To quantify the positional precision of the predictions, we calculate the mean absolute deviation (MAD). We chose MAD over Mean Squared Error (MSE) because MAD is more straightforward to interpret in the context of spatial distances and provides a clear measure of prediction accuracy in terms of physical distance. MAD measures the average absolute difference between the correctly predicted metal positions, ${\widehat{\mathbf{\text{x}}}}_i$, and the corresponding experimental positions, ${\mathbf{\text{x}}}_i$, and is computed as:

$$\text{MAD}=\frac{1}{n}\sum _{i=1}^n\Vert {\mathbf{\text{x}}}_i-{\widehat{\mathbf{\text{x}}}}_i\Vert$$ (9)

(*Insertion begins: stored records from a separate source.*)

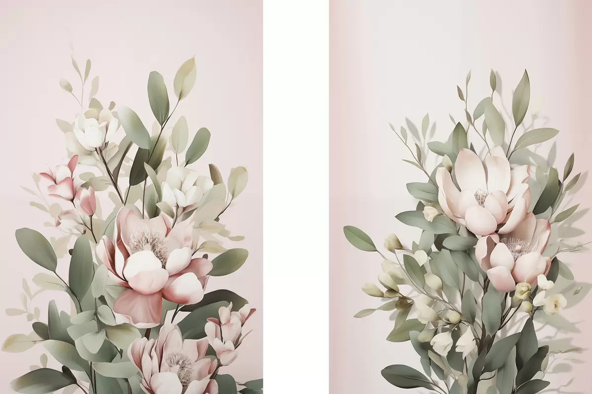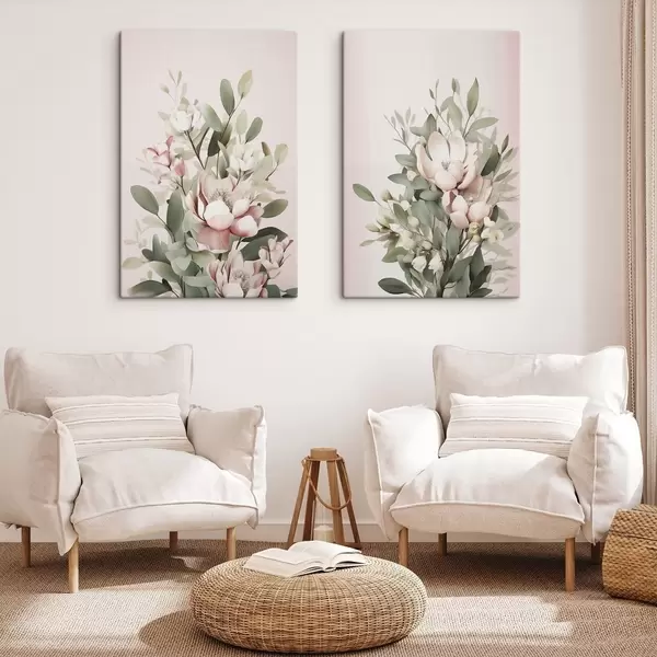 Obraz Bukiet pastelowych kwiatów z liśćmi eukaliptusa na jasnoróżowym tle Nr m30314
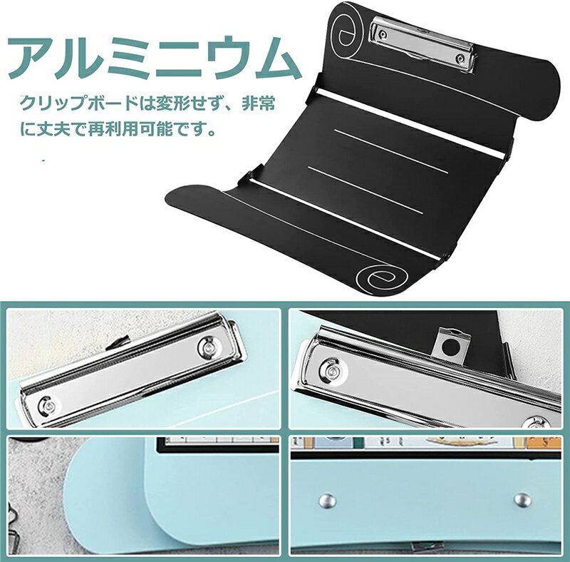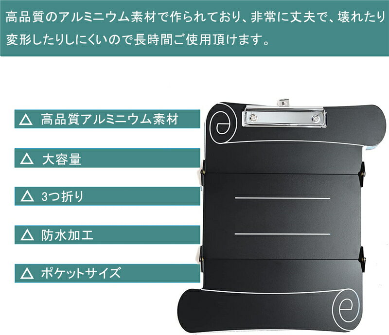 クリップボードは、高品質のアルミニウム素材で作られており、非常に丈夫で、壊れたり変形したりしないので、安心してご使用いただけます。 右側には固定用の合金クリップが付いているので、使用中に書類、請求書、領収書が落とすことを心配する必要がありません。 ファイルのクリップ力が強い、1~50枚のA4紙を挟んで、一枚で挟まれることもできます。 ファイルボードはビジネスに必要な物を1冊に収納できます、軽量で出勤できます。 三つ折りクリップボードはスクラブポケットにぴったりフィットします。軽量構造で表面が滑らかさを感じ、書いている間も 180 ° フラットに保ちます。 会議やインタビュー、学校の授業、セミナーやイベントでのメモなどいろいろな場面で活躍してくれる多機能フォルダー。卒業祝いや就職祝いに最適なプレゼントです。 実用的で携帯性に優れているため、このクリップボードは、看護師、医師、インターン、医学生、医療専門家への必須アクセサリーまたはお気に入りの贈り物としてもおすすめです。
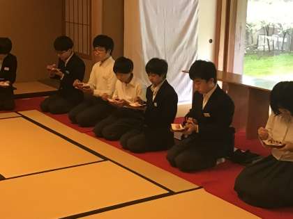 今日のお菓子は牡丹。季節ごとのお花を模したお菓子が出されます。生徒たちは美味しいと言ってお上品にいただいていました。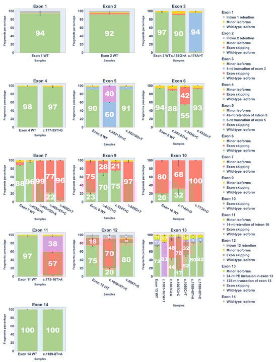To quantify splicing outcomes, each cDNA replicate was PCR-amplified with fluorescent primers for fragment analysis. Results are shown in Figure 5 and Supplementary S7 (fragment analysis chromatograms are provided in Supplementary S2).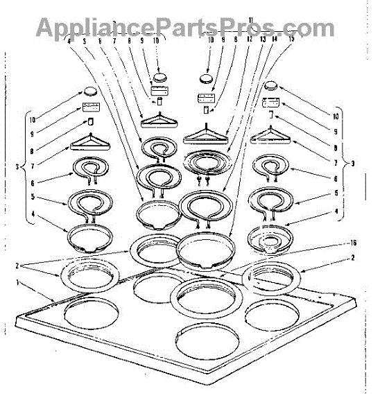 Parts for Kenmore 101.933600 (101933600, 101 933600): Cook Top Section Parts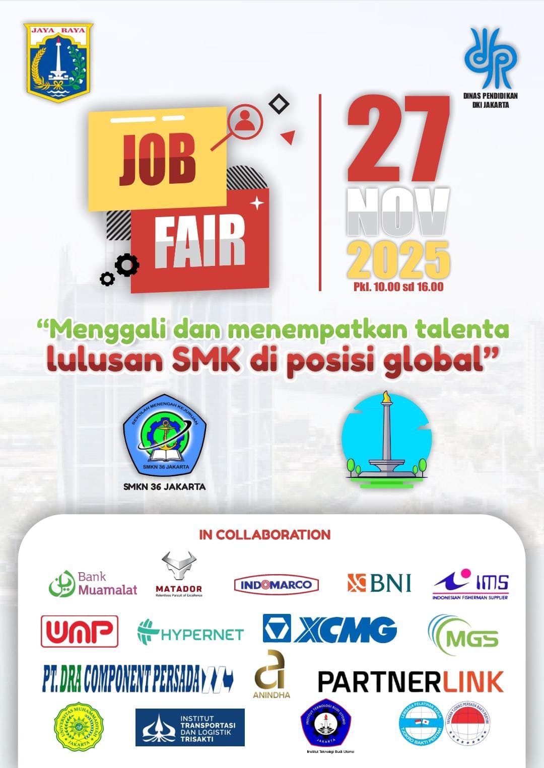 Jakarta, 27 November 2025 — SMK Negeri 36 Jakarta kembali menyelenggarakan Job Fair 2025, sebuah kegiatan strategis yang menjadi jembatan antara lulusan sekolah dan dunia kerja. Bertempat di aula utama sekolah, kegiatan berlangsung dari pukul 10.00 hingga 16.00 dan diikuti oleh puluhan perusahaan mitra dari berbagai sektor.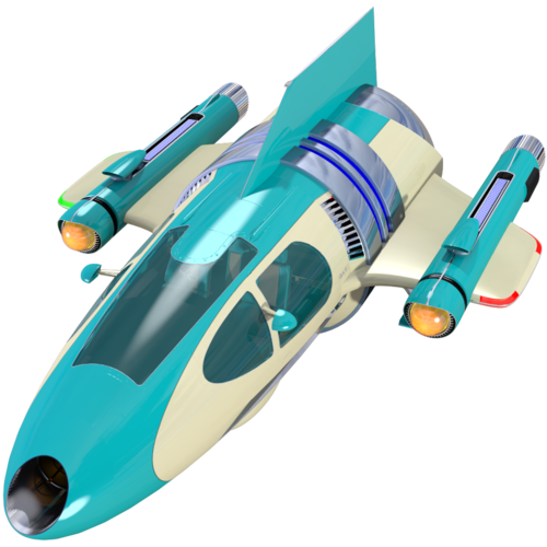 I just couldn't resist making a retro-cruiser of the Dart, with all the color and flash that was part and parcel of the mid-20th century, wrapped around the tech of the mid-23rd. Lots of new parts, from cowls over the bussard collectors that are inspired by the headlights of the '57 BelAir, among other 'hip' machines, to all sorts of chrome trim bits, over a smooth turquoise-and-cream paint job. What McCoy might fly around in on his vacations, before parking it back in the garage at the main Georgia estate and heading off again to Enterprise.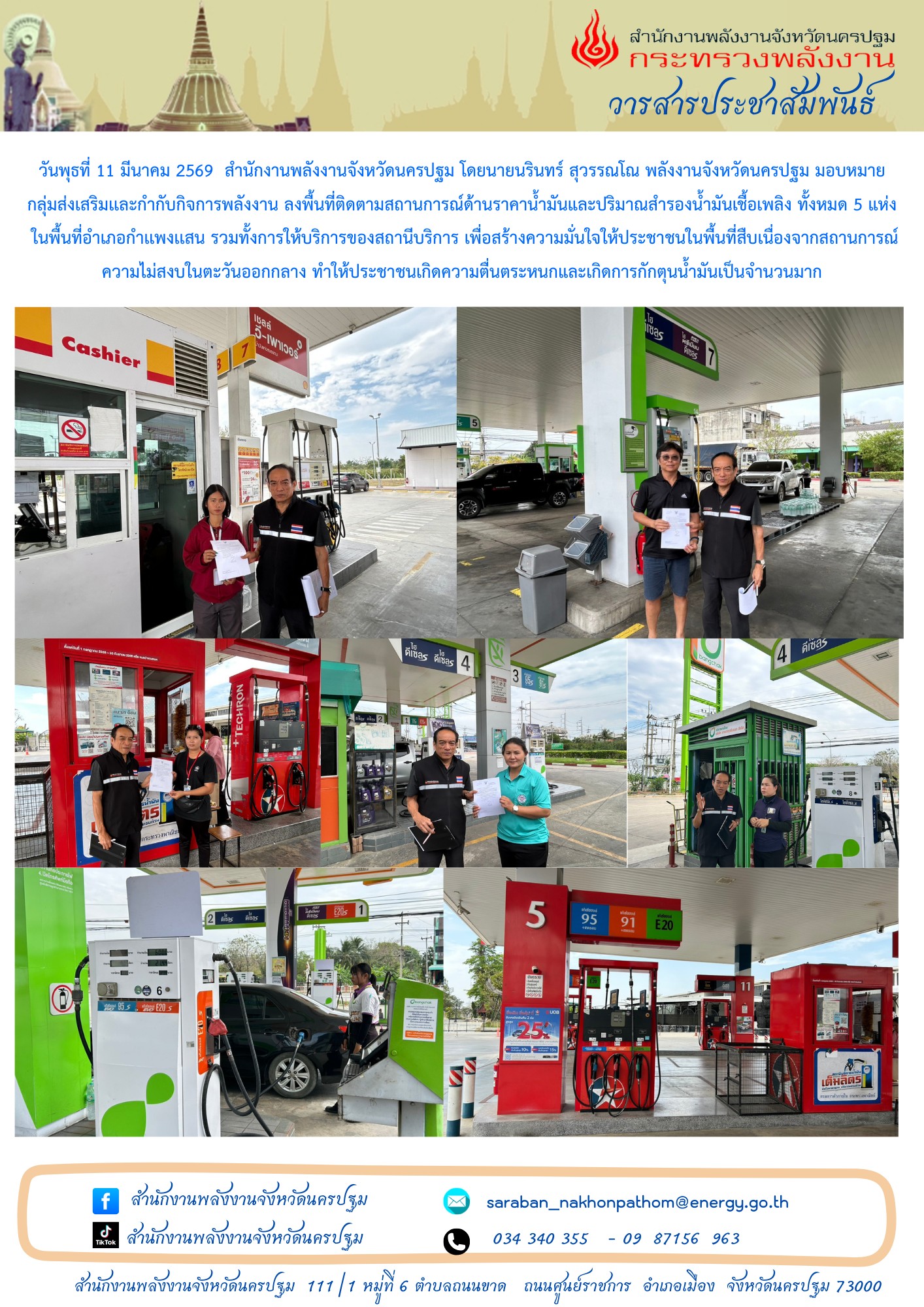 วันพุธที่ 11 มีนาคม 2569 สำนักงานพลังงานจังหวัดนครปฐม โดยนายนรินทร์ สุวรรณโณ พลังงานจังหวัดนครปฐม มอบหมาย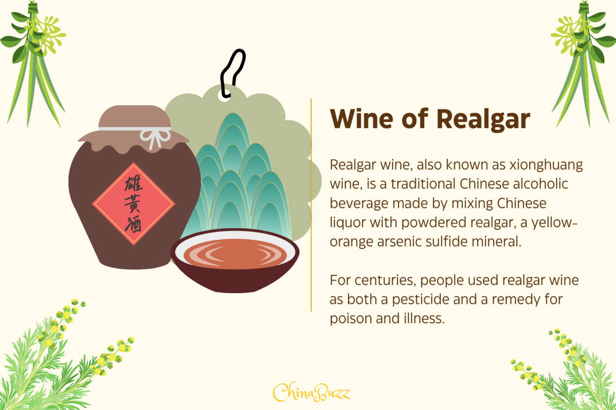 For centuries, people used realgar wine as both a pesticide and a remedy for poison and illness. During the Dragon Boat Festival, applying realgar wine to parts of children's faces is common to help ward off the five venomous creatures.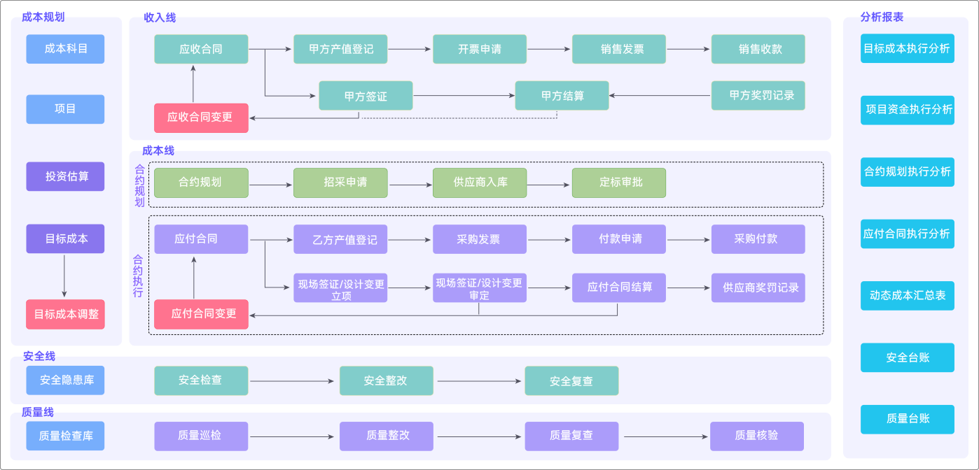 企企服务业ERP支持项目全周期的目标成本管理,从可研到施工图阶段可编制多版本目标成本,按控制科目精细化拆分,动态对比与更新。通过提前锁定目标利润与成本基线,帮助业主/建设方实现全过程成本可控,保障投资收益最大化。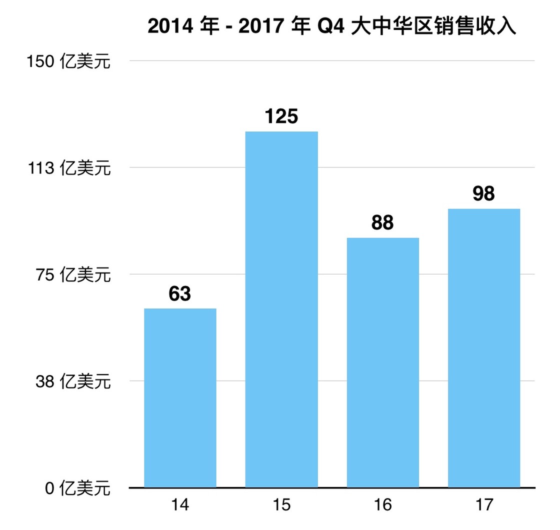 果然,财报发布之后,这一季度 Apple 在大中华区的总营收达到了 98 亿美元,与去年同期相比增长了 11.6%,不过离巅峰的 2015 年(125 亿美元)还是有一段差距的。
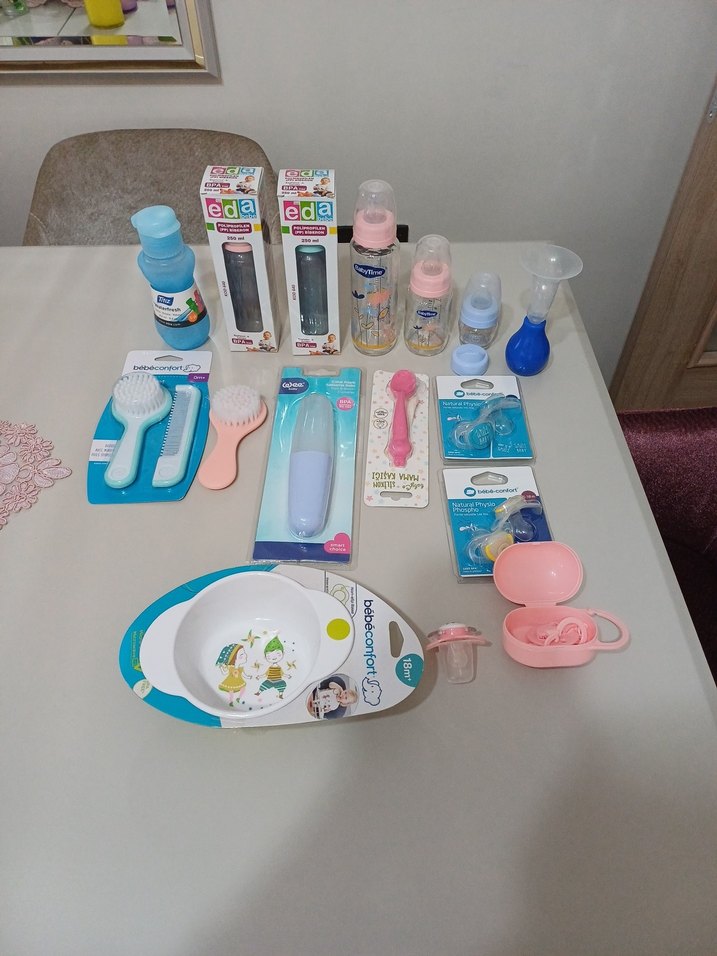 BILGI ALIN LÜTFEN Pastel mavi renkte bebek biberonları, kase, fırçalar, kaşık ve emziklerden oluşan bebek beslenme seti.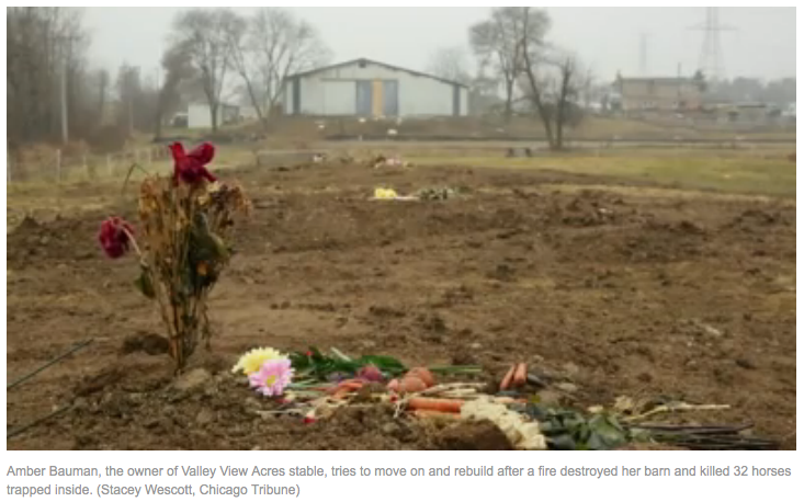 Amber Bauman, the owner of Valley View Acres stable, tries to move on and rebuild after a fire destroyed her barn and killed 32 horses trapped inside. (Stacey Wescott, Chicago Tribune)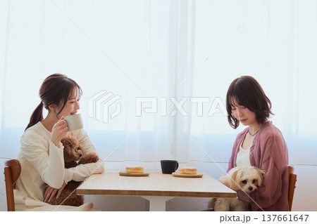 トイプードルとマルチーズと過ごす女性2人のカフェタイム ペットと暮らす休日のライフスタイル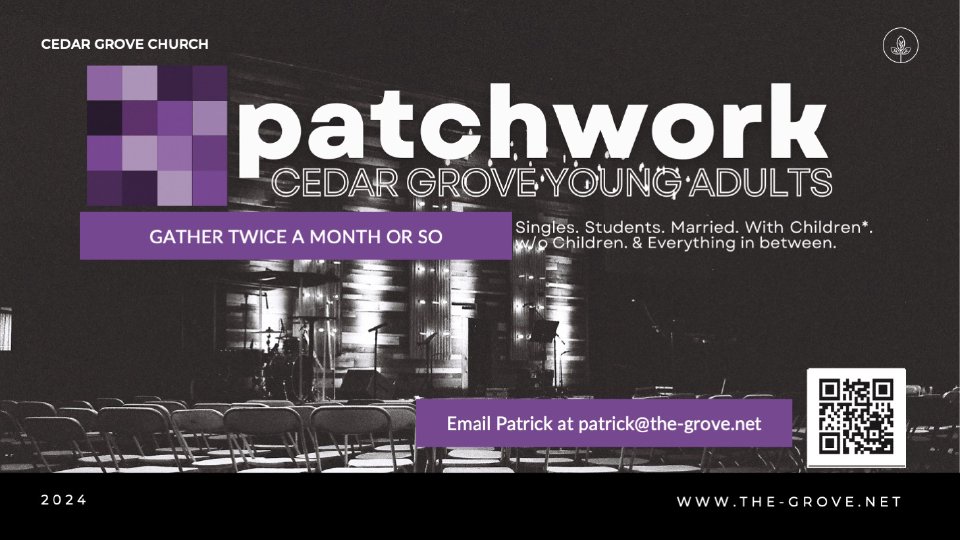 Patchwork is a gathering of young adults, young marrieds with or without children, single and working, single and going to school, or taking a gap year and everything in between. Coming together at Cedar Grove for worship, teaching, and community. We believe a Patchwork of young adults in various stages of life can bring beauty to the body of Christ here at Cedar Grove. Join us as we laugh, cry, and grow together!

where $n$ is the number of predicted metal sites. Lower MAD values indicate a closer match to the true positions, providing a complementary measure to precision and recall in assessing the overall performance of the method. These metrics enable a comprehensive comparison between SuperMetal and other existing methods.

Fig. 6. Fundamental Theory of the Score-based Generative Diffusion Model for Metal Ions in Proteins.

The forward continuous-time stochastic differential equation (SDE) transitions the true locations of metal ions (top left) to random locations (top right). The score at each intermediate time step is predicted by a deep learning neural network, enabling the reverse process of the SDE. The grey part of the protein (top) represents the atomic structure of the protein surrounding the metal ions at their original positions.